Il a déclaré : "En matière de développements régionaux, nous réaffirmons notre soutien et notre appui à toutes les initiatives et efforts déployés par les frères arabes ainsi que par la République islamique du Pakistan pour mettre fin aux tensions et instaurer la stabilité dans la région du Golfe, garantissant ainsi la sécurité, la stabilité et la souveraineté des États de la région, notamment entre la République islamique d'Iran et ses voisins du Conseil de coopération du Golfe, ainsi que ses voisins arabes et islamiques".
D'autre part, le président du Conseil des députés a déclaré : "L'imam al-Sadr... est porté disparu avec ses deux compagnons, le cheikh Muhammad Yacoub et le journaliste Abbas Badreddine, en Libye depuis 48 ans.
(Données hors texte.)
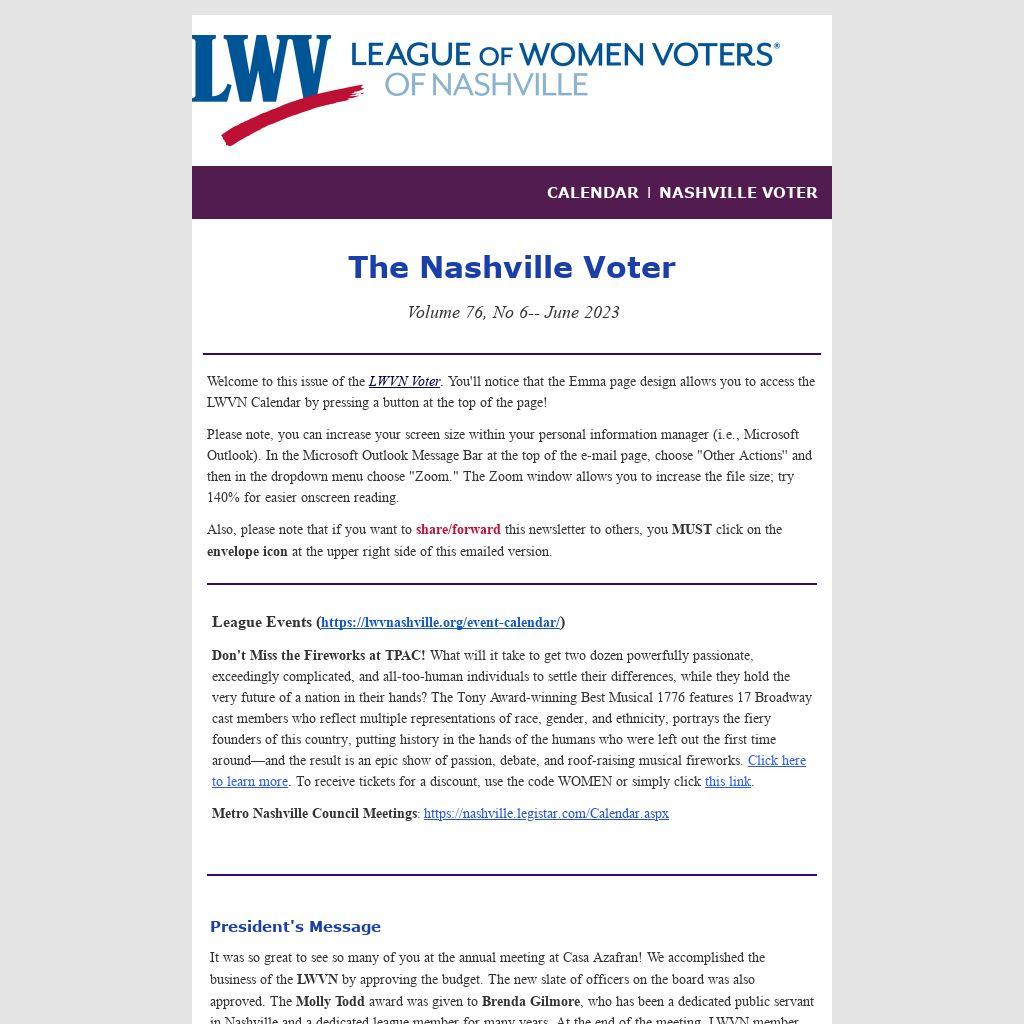 ATTENTION: The Nashville Voter is a digital publication. If you have received this copy of the Voter in the mail, it means the League of Women Voters of Nashville does not have an e-mail address for you. Please help us by sending your e-mail address to LWVNash@gmail.com. Being on the LWVN e-mail database ensures your receipt of all LWVN newsletters, event invitations, meeting announcements, and Call to Action alerts.

Le geôlier et le criminel sont décédés, mais l'esprit qui a hérité de leur legacy, malheureusement, est toujours le même : celui de la dissimulation, de la manipulation, et de la non-coopération avec le Liban sur les plans judiciaire, humain et moral, ce qui entrave la libération de l'imam al-Sadr et de ses compagnons, ainsi que la clarification des circonstances de cette affaire qui constitue une responsabilité nationale".
Il a affirmé que la question de l'imam al-Sadr et de ses compagnons "était, doit être et restera une affaire de tous les Libanais. Suivre cette affaire n'est pas seulement une responsabilité du pouvoir judiciaire libanais, mais aussi de toutes les institutions officielles". Il a jugé que la persistance des autorités libyennes dans une politique de non-coopération les place dans la catégorie de la complicité et de l'acharnement dans la commission de ce crime, que nous ne pardonnerons jamais, ni ne tolérerons, ni ne ferons preuve de faiblesse envers les auteurs, ni envers ceux qui cherchent à entourer davantage de mystère autour de cette affaire, utilisant toutes les voies prévues par le droit libanais et international, notamment dans les cas d'enlèvements forcés".